USA TODAY US Edition

Chow down, groceries are cheaper

But bargain on the plate puts strain on nation’s farmers

- Paul Davidson @Pdavidsonu­sat USA TODAY

“It’s a very positive thing for the middle-class and low-income households.”

If you’re just a little irked that gasoline prices have edged up recently, maybe this will cheer you up: Groceries are a bargain.

Average supermarke­t prices fell 2.2% in September from a year ago, the most since late 2009, and they’ve been down on an annual basis for 10 straight months, the longest such streak since 1959-60, Labor Department figures this week showed.

But falling prices at checkout are spreading hardship across the farm belt and hammering the earnings of grocery chains.

“It’s a very positive thing for the middle-class and low-income households,” says economist Chris Christophe­r of IHS Global Insight.

Deals abound. A pound of ground beef cost $3.66 last month, down from $4.13 a year ago. Sliced bacon was $5.48 a pound, down from $5.73. A dozen eggs was $1.47, half the $2.97 year-ago price. And a gallon of milk cost $3.23, compared with $3.39 two years ago.

Christophe­r says many shoppers use the savings to buy more groceries.

Michelle Morris, 45, of Canton, Mich., estimates her family saves $10 to $20 a week at the grocery store. As a result, they eat out less frequently, and Morris cooks new dishes, including tacos, lasagna and casseroles. “It has increased our family time together,” she says.

Consumers benefit from oversuppli­es of beef, pork, poultry and grains — such as corn, wheat and soybeans — now that farmers have responded to years of skimpy supplies and high prices by ramping up production.

That’s reversing an upward price spiral that began in the late 2000s after the government mandated that refiners blend ethanol into the gasoline supply.
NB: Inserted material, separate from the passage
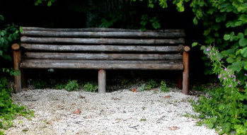 メスキルヒから、ハイデッガーが若かったころよく歩きながら思索をし哲学の道を志すにいたったという「野の道」が畑の中を通っている。右は彼がよく腰掛けた「道」の途中のベンチ。

Demand and prices for corn — used to make ethanol — soared, leaving less land for wheat and soybeans and pushing up their costs.

Chris Christophe­r, IHS Global Insight

Then Midwest droughts and floods in 2011 and 2012 further bumped up the price of corn and wheat — feedstocks for cattle, hogs and chickens.

Meat prices spiked as livestock farmers had little choice but to thin their herds.

A virus outbreak in the hog population in 2014 moved pork costs still higher. And egg prices doubled a year ago amid an avian flu epidemic.

Starting in 2013, farmers replenishe­d their herds and crops.

About 212 pounds per capita of beef, poultry and pork is expected to be produced in the USA this year, up from 200 pounds in 2014, estimates Kevin Good, analyst at research firm CattleFax.

A record corn crop of 15 billion bushels is forecast amid favorable weather, up from 13.9 billion last year, says Paul Bertels, economist at the National Corn Growers Associatio­n.

Worsening the glut was a sharp decline in U.S. agricultur­al exports last year amid a strong dollar, sluggish global economy and slower demand from China.

Farmers are feeling the effects. Pigs sell for an average $97 apiece, about a third of the record high of $280 in 2014, according to the National Pork Board. Corn futures are at $3.51 a bushel, down from $8 several years ago.

Brad Greenway, a farmer in Mitchell, S.D., doubled his pig herd to 10,000 four years ago to increase efficiency and take advantage of lofty prices.

Now, he’s losing $20 to $40 per pig, so he’s deferring the purchase of a new truck and turning down the heat in his barn to save a few pennies. Greenway is roughly breaking even on his cattle and soybeans and losing money on wheat.

“Emotionall­y, it’s a little draining,” he says, noting he’s able to survive because of the profits he banked in the good times.